* [Material provided]
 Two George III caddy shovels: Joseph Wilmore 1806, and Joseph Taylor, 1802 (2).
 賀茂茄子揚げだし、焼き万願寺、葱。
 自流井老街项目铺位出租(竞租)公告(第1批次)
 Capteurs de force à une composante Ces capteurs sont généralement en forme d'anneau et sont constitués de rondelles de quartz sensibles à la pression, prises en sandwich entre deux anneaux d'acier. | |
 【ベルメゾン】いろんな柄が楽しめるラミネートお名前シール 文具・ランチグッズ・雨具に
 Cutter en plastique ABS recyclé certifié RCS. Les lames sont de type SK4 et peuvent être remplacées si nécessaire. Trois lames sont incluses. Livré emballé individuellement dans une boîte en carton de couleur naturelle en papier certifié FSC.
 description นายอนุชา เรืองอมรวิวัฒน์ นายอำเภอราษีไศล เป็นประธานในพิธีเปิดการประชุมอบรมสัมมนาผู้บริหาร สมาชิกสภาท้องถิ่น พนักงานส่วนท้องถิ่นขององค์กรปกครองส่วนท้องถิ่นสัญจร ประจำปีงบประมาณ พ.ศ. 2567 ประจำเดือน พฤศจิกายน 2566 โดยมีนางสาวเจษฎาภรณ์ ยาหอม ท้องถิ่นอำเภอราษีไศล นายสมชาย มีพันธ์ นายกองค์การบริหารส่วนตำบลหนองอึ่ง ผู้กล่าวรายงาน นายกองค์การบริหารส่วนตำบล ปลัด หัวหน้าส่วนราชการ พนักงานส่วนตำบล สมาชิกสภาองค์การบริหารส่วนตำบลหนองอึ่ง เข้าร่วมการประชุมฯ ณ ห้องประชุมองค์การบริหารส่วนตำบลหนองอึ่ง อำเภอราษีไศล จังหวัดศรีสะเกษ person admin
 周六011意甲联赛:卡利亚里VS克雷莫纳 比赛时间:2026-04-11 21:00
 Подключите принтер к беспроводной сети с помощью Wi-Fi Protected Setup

--

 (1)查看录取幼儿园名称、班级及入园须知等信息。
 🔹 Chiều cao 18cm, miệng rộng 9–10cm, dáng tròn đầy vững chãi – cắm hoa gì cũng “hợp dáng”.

* [Task directions] Using only the entries above, output the line with "Two George III", the line with "Cutter en plastique", and all lines between them, exactly as they stand.

* [Response box]
 Two George III caddy shovels: Joseph Wilmore 1806, and Joseph Taylor, 1802 (2).
 賀茂茄子揚げだし、焼き万願寺、葱。
 自流井老街项目铺位出租(竞租)公告(第1批次)
 Capteurs de force à une composante Ces capteurs sont généralement en forme d'anneau et sont constitués de rondelles de quartz sensibles à la pression, prises en sandwich entre deux anneaux d'acier. | |
 【ベルメゾン】いろんな柄が楽しめるラミネートお名前シール 文具・ランチグッズ・雨具に
 Cutter en plastique ABS recyclé certifié RCS. Les lames sont de type SK4 et peuvent être remplacées si nécessaire. Trois lames sont incluses. Livré emballé individuellement dans une boîte en carton de couleur naturelle en papier certifié FSC.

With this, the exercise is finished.